By indicating the relevance of a piece of content, the positive deposits serve as a discoverability mechanism, directly incentivizing the author to keep the coins locked in the deposit. This incentive holds up to the degree that the benefit of the deposit towards discoverability exceeds the opportunity costs the author incurs by keeping the bitcoin locked up. To the degree that a piece of content has run its course over time, the author can draw from the deposit to balance opportunity costs with the value of attracting continued residual interest.

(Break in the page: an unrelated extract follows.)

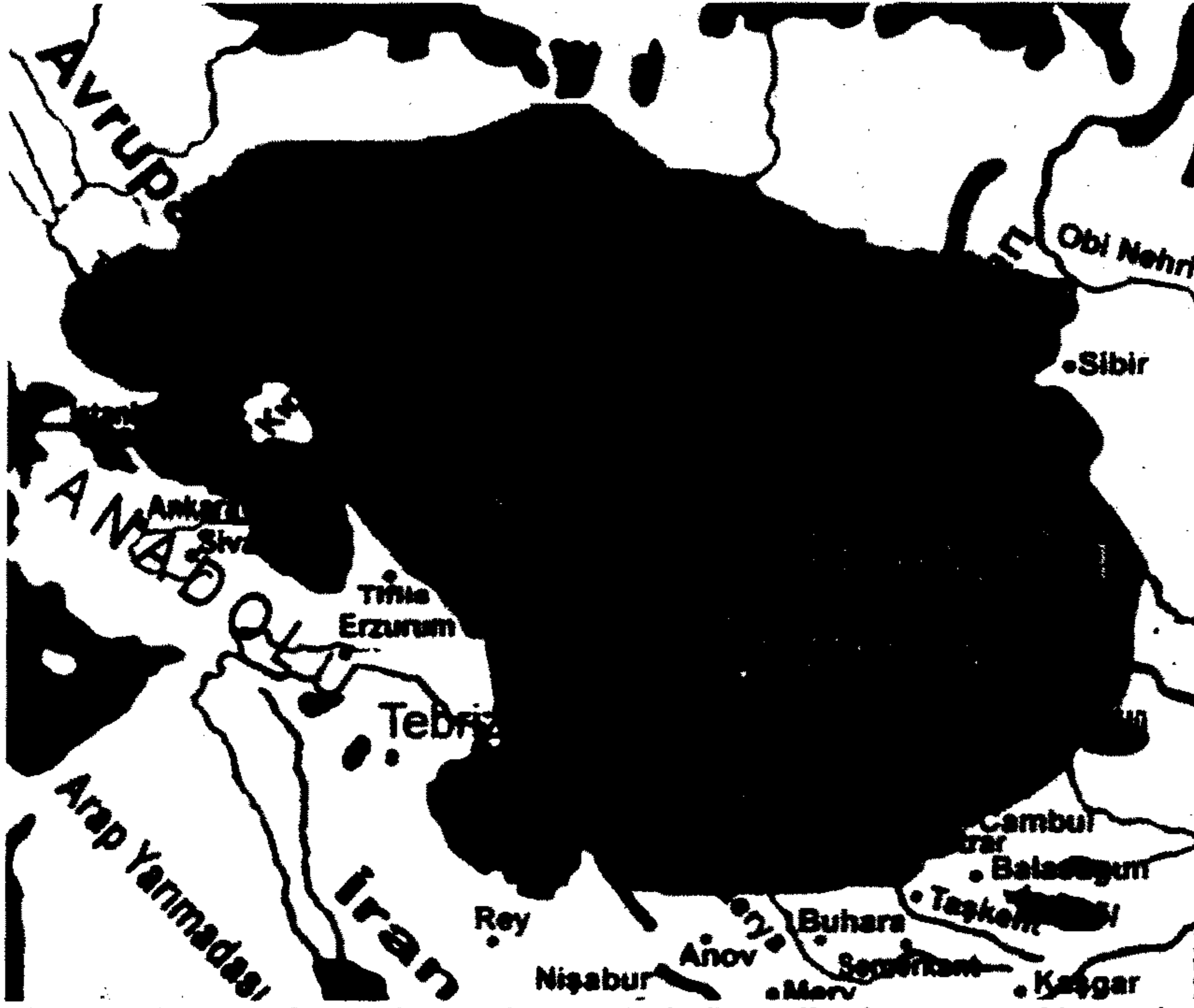
Malkarlıların Kafkasya'ya yerleşmesinde önemli rol oynayan Altınordu Devletinin o tarihteki sınırları

munun nasıl meydana geldiği konusundaki kendi görüşümüzü bazı tarihi gerçeklere dayanarak ortaya koymaya çalışacağız. Bilindiği üzere, XIV. yüzyılda Altın Orda Devleti, "Kök Orda" ve "Ak-Orda" şeklinde bölünmüştü. İtil (Volga) Irmağı civarı ve onun batı tarafındaki topraklar ve Kırım ile Kuzey Kafkasya bölgeleri Kök Orda Devleti'nin hakimiyetinde bulunuyordu. Arap seyyah El-Ömer'in söylediğine göre, Moğollar'ın hakimiyetinde bulunan kavimler arasında en kalabalık ve en güçlü olanı "Kıpçaklar" idi. Kıpçaklar'ın sahip olduğu topraklar oldukça geniştir. Daha sonra Tatar-Moğollar bu toprakları istila ederek Kıpçakları hakimiyeti altına aldılar. Ancak Moğollar'ın nüfusu Kıpçaklar'a oranla daha az olduğundan Moğollar zamanla Kıpçaklar ile karışıp kendi dillerini kaybederek tamamen Kıpçaklaştılar.

There appears to be no trustless and privacy-preserving way to prevent an author from depositing their own bitcoin, by tipping themselves, to boost the discoverability of their content. While this could be interpreted as resulting in a skewed value signal, it should nevertheless be viewed as an improvement over current advertising mechanisms. The author will be limited in this action by their own available supply and the associated opportunity costs. Boosting the discoverability of their own content is only profitable to the degree that the increased attraction of users results in increased positive tips, ensuring that advertising is only beneficial if the content is valued by users. The profit-seeking actions of the author are then in principle directly aligned with the optimization of the relevance realization process. Instead of spending an advertising budget with uncertain outcome and requiring private user information for optimal targeting, authors are able to reuse the same advertising budget for new content later on, making it superior to conventional advertising.

The proposed protocol arguably allows users with larger pools of capital to exert greater influence on the resulting relevance realization process. It appears however that this is directly analogous to such influence in a classical free market, which we generally judge as the most natural and effective system for discovering a map of value for different goods and services, expressed in prices.

The opportunity ZAP provides does not only apply to original content authors, but also to any comments made by users in response to that content. Just like the original post, any comment can receive positive and negative deposits to facilitate comment discoverability. Similarly, the proposed relevance realization process can in principle be scaled to any digital content beyond social media, thereby constructing an explicit map of relevance with a shared language for the entire internet.

References

[1] John Vervaeke, Timothy P Lillicrap, and Blake A Richards. Relevance realization and the emerging framework in cognitive science. Journal of Logic and Computation, 22(1):79–99, 2012.

[2] Lyn Alden. Broken Money: Why Our Financial System is Failing Us and How We Can Make It Better, chapter 1. Timestamp Press, 2023.

[3] Satoshi Nakamoto. Bitcoin: A peer-to-peer electronic cash system. 2008.

[4] Joseph Poon and Thaddeus Dryja. The bitcoin lightning network: Scalable off-chain instant payments. 2016.

[5] Jason P Lowery. Softwar: A Novel Theory on Power Projection and the National Strategic Significance of Bitcoin. self-published, 2023.